WASHINGTON (WOOD) — The PFAS crisis that spread to wells, faucets and coffee pots in places like Belmont and Parchment reached Congress Thursday, with calls for a stronger response from the U.S. Environmental Protection Agency.
The latest state reports show that nearly 1.6 million people in Michigan are drinking from public water supplies with at least traces of the likely carcinogen, according to a Target 8 analysis.
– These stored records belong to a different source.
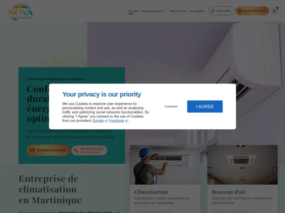Implantée en Martinique, l’enseigne Nova eco énergies se positionne comme une entreprise de climatisation reconnue pour la qualité de ses prestations et son engagement en faveur de la performance énergétique. Elle accompagne aussi bien les particuliers que les professionnels dans la mise en place de solutions fiables et durables, adaptées aux contraintes climatiques locales. Spécialisée dans la climatisation, cette entreprise de climatisation propose des services complets incluant l’installation, la maintenance, la réparation et le remplacement d’équipements thermiques. Grâce à une expertise technique solide, Nova eco énergies assure un confort optimal en toutes saisons, tout en veillant à limiter la consommation énergétique. Au-delà de son activité principale, la société développe également des solutions complémentaires en ventilation, isolation thermique, chauffe-eau solaire et panneaux photovoltaïques. Cette approche globale permet d’optimiser les performances énergétiques des habitations et des locaux professionnels en Martinique. L’entreprise se distingue par une sélection rigoureuse de matériels performants et durables, ainsi qu’un accompagnement personnalisé à chaque étape du projet. Son savoir-faire repose sur plusieurs années d’expérience, garantissant des installations soignées et conformes aux normes en vigueur. Soucieuse de la satisfaction client, Nova eco énergies met un point d’honneur à proposer des conseils clairs, des devis transparents et des interventions rapides. Cette entreprise de climatisation en Martinique s’inscrit pleinement dans une démarche écoresponsable, en favorisant des solutions respectueuses de l’environnement et économiquement avantageuses sur le long terme.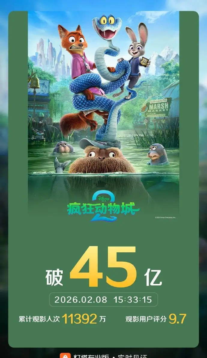 动画电影《疯狂动物城2》上映75天!总票房突破45亿_杰拉德·布什_拜伦·霍华德_妮弗·古德温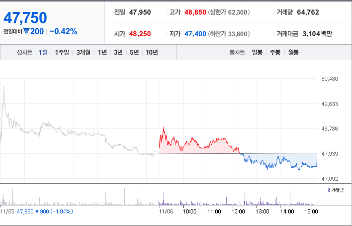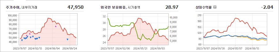 현재 코미코의 주가는 47,950원으로, 전일 대비 900원이 하락했습니다. 주주 현황을 살펴보면, 이 회사의 지분을 41.10% 보유하고 있습니다. 코미코는 반도체와 관련된 장비를 제조하는 기업으로, 현재 주가는 47,950원입니다. 코미코의 시가총액은 4,995억 원이며, 발행된 주식 수는 10,460,684주입니다. 외국인 투자자의 보유 비중은 28.97%이며, 장중 거래량은 76,654주에 달했습니다. 이 회사의 매출액은 2,516억 원에 이릅니다.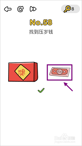 以上为脑洞巨匠找到压岁钱攻略,第58关经由过程后点击“下一关”即可。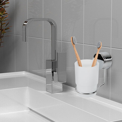 Стакан для туалетных принадлежностей LAIMA с держателем для крепления на стену. Можно расположить вблизи раковины или в душевой в удобном месте.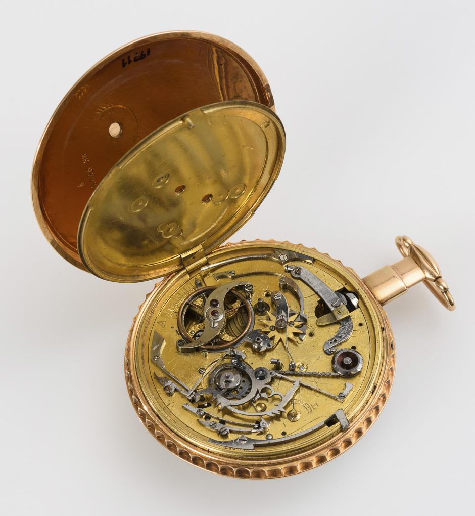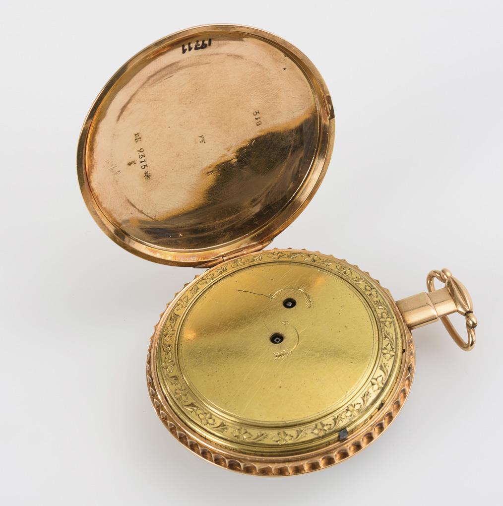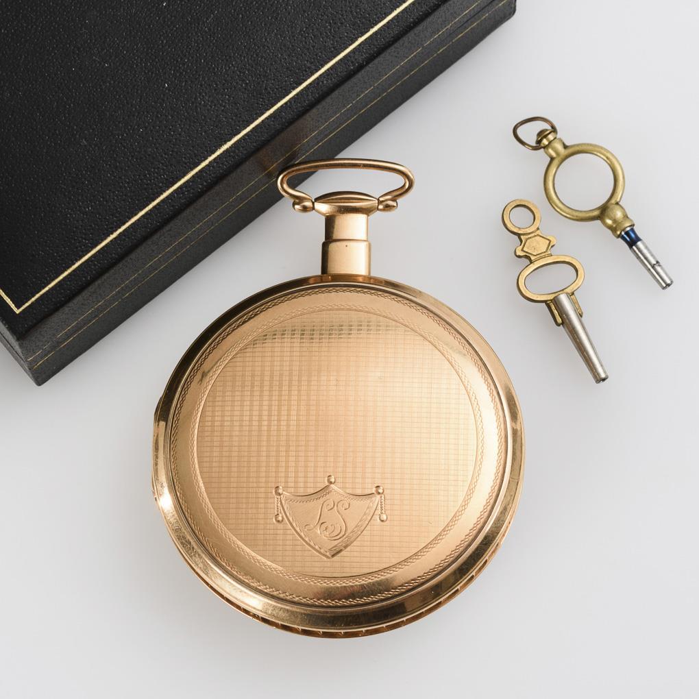 Movement with verge escapement, chain and fusee, engraved wheels, key winding. Watch was in revision in 2011, runs. Striking parts not quite complete, hour strike does not run, quarter strike works. White enamel dial ring with Arabic numerals and minute crown, blued Breguet hands, open leaf center with view of gear train.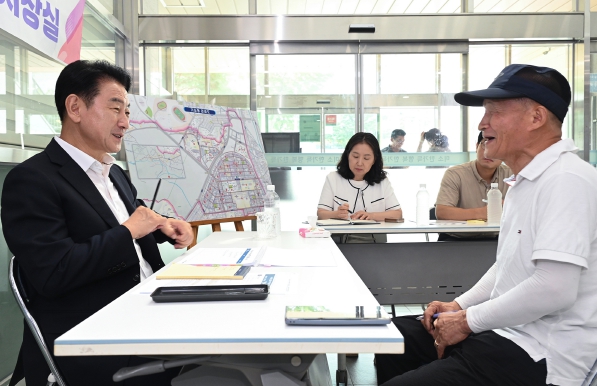 ▲ 김동근 시장이 8월 23일 가능동 주민센터에서 ‘현장시장실’을 열고 주민들과 소통하고 있다. |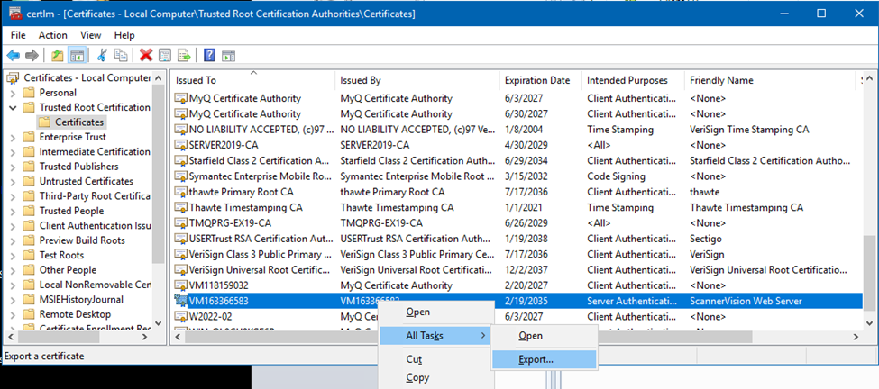 2. Install the exported ScannerVision certificate on the system where the MyQ server is installed.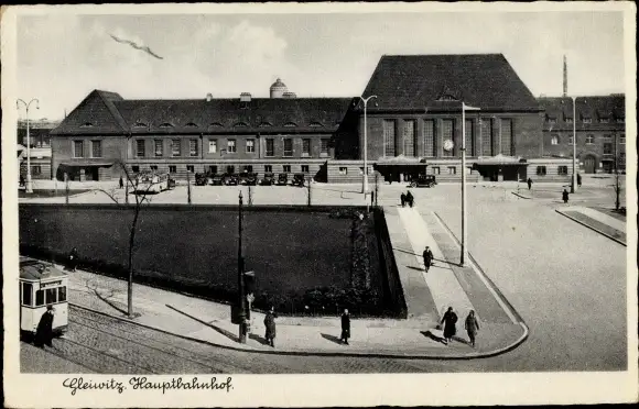 Ak Gliwice Gleiwitz Oberschlesien, Hauptbahnhof, Straßenbahn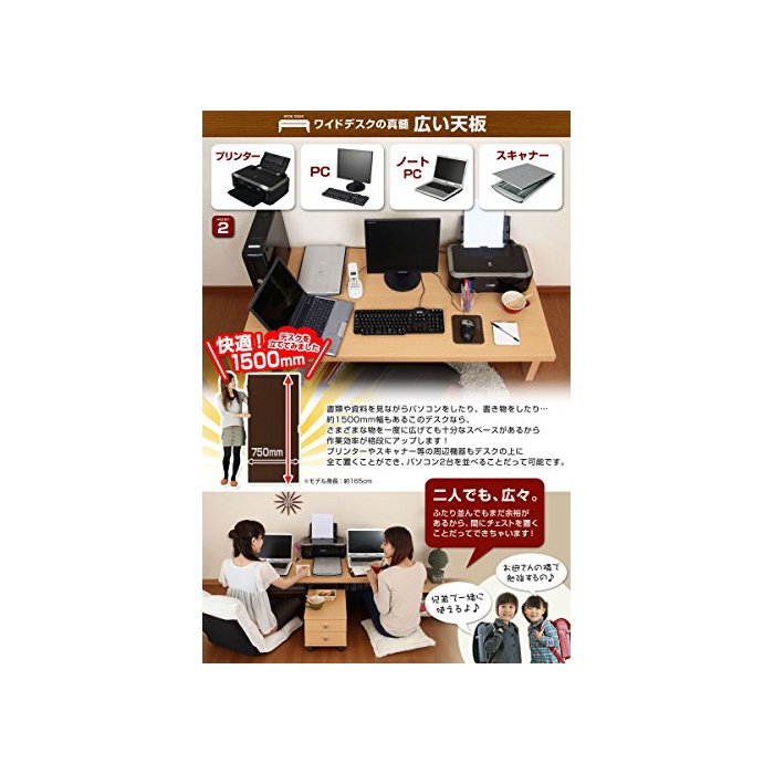 어쨌든 넓다!어쨌든 와이드!!폭은 180cm,150cm,120cm의 3타입을 준비.(길이)깊이가 무려,75cm과 통상의 데스크는 아닌 넓음을 확보했습니다.PC 데스크로서는 여유의 넓음 이고,학습 데스크로도 최적입니다.테이블로도.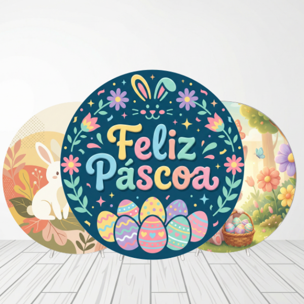 CAPA PAINEL REDONDO PÁSCOA COELHO | TECIDO PREMIUM | VÁRIOS MODELOS - 1.50X1.50M E 50X50CM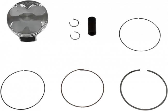 Alle Kolben sind wärmebehandelt im T-5 Härtungs- und Wärmebehandlungszyklus. Die Kolbenhemden sind mit High-Tech-Molybdän-Disulphit-Beschichtung für schnelleres Einfahren und eine längere Lebensdauer.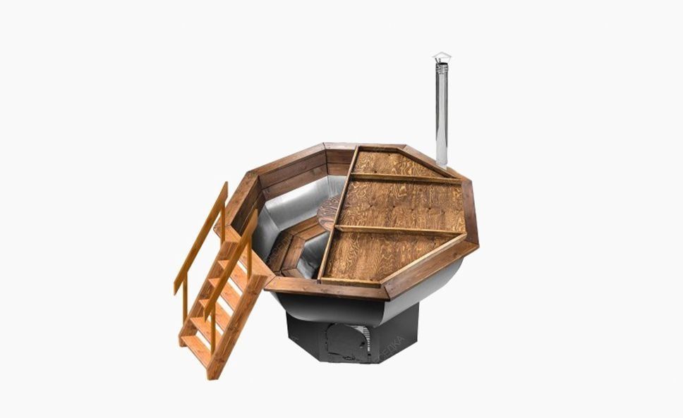 Банный чан на дровах из нержавеющей стали марки Aisi 304. Вмещает в себя до 4х человек. Толщина стенок чаши 2мм, толщина дна 3мм. Отделка и лестница для банного чана изготовлена из лиственницы. Это прочное, влагостойкое дерево устойчиво к гниению. Для увеличения срока службы древесины мы обрабатываем её Сенежем. Печь - подставка изготовлена из стали 2мм, дно печи сделано из стали 6мм, колосник 20мм. В печи предусмотрен зольник. Дымоход сделан из нержавеющей стали. Внешняя часть банного чана покаршена чёрной термостойкой краской. Банный чан - это буквально горячий источник на вашем дачном усаствке. Вы можете париться в нём круглый год невзирая на погоду. Довольно часто в чан добавляют эфирные масла или травы для более приятного и полезного эффекта от парения.

U.S. Rep. Debbie Dingell, D-Dearborn, called that unacceptable, “especially when we haven’t even set the standard for what’s safe and what’s not safe.”
The leader of Michigan’s PFAS Action Response Team was among seven experts who testified before the House Energy and Commerce Committee Thursday.
“This is a national issue,” Carol Isaacs, director of MPART, told the panel. “The states can’t do it all. We need our federal partners, we need our Congress.”
>>App users: Watch the PFAS hearing here.
Among the Michigan cities with trace amounts of PFAS in public water: Grand Rapids, Kalamazoo and Wyoming.
More than 50 public water systems in Michigan have some level of contamination, including some mobile home parks, according to the Michigan Department of Environmental Quality, which continues to test water supplies statewide. Those numbers don’t include hundreds of tainted private wells in places like Belmont and near Parchment.
Michigan has identified 35 PFAS source sites, from Wolverine Worldwide’s old dump in Belmont, to Wurtsmith Air Force Base, contaminating wells and leading to fears of cancer.
>>Inside woodtv.com: Toxic Tap Water
“If I was somebody who had PFAS in my water, I’d drink bottled water until I knew what a safe level was,” Dingell told Target 8 outside the hearing.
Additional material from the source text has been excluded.